Rush Limbaugh, Donald Trump & the Coarsening of American Politics

You can't overestimate Rush Limbaugh's influence on the Republican Party over the last 30 years. He helped to transform it from a Party of starched shirt, good government technocrats into the white Christian nationalist, antigovernment, QAnon infected mess it is today.
Those of you who have read my articles over the last few years might be surprised, but in the 1980s I served as a public official in central Pennsylvania, appointed by Republican office-holders. I also ran numerous Republican campaigns in the state. The GOP message in those days was fairly simple and consistent; we can provide important governmental services to the public more efficiently and economically. Republican candidates ran on platforms focused on honesty, expertise, and experience. Yes, there were bigots, misogynists, and homophobes in the Party but they generally kept their prejudices to themselves because it didn't have anything to do with winning elections and governing.
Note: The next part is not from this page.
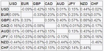 يوضح الجدول أدناه النسبة المئوية للتغير في اليورو EUR في مقابل العملات الرئيسية المدرجة هذا الأسبوع. كان اليورو هو الأقوى في مقابل الدولار النيوزيلندي.

All that started to change in the late 1980s and Rush Limbaugh had quite a bit to do with it. Conservative Washington Post columnist Max Boot wrote an insightful piece this week discussing Rush's lasting influence on the GOP. And he is exactly right; there would be no Donald Trump without Limbaugh.
Boot, Washington Post: "Limbaugh was one of the most important political figures of the past 30 years — arguably the most important — because of how he transformed the conservative movement and the Republican Party for the worse."
Boot, like most commentators this week, combed through Rush's long list of controversies and conspiracy theories [Vince Foster, Obama's birth certificate, election fraud, etc.], but then gets to the central point about Limbaugh that ushered in the Trump era. Rush never felt the need to convince dittoheads with research or science or facts; those were the tools of pointy-headed academics and the cultural elite. Rush's audience wanted raw meat and returned each day to wallow in their disdain for liberal values and cultural norms.
Boot, Post: What really distinguished Limbaugh, and what made him such a success in radioland, was his gleeful hurling of insults and his mockery of liberals. “In the Limbaugh lexicon,” the New York Times noted, “advocates for the homeless were ‘compassion fascists,’ women who defended abortion rights were ‘feminazis,’ environmentalists were ‘tree-hugging wackos.’ ”
Donald Trump fully embraced Rush's style when he ran in 2016 and it carried over to his science-denying, fact-free presidency.
Boot, Post: "Like Limbaugh, Trump cannot make policy arguments (he couldn’t care less) or marshal facts (he doesn’t know many). But, also like Limbaugh, he is perfectly capable of ranting for hours about his resentments and entertaining listeners with insults against their shared objects of antipathy."
In the end, of course, facts and science catch up with even the most gifted con man, and Trump couldn't BS his way through the Covid crisis. But right up to his last day on the airwaves, Rush was singing Trump's praises, encouraging his acolyte to keep a tight fist on the GOP. Limbaugh understood that Trump is his legacy, his parting gift to America.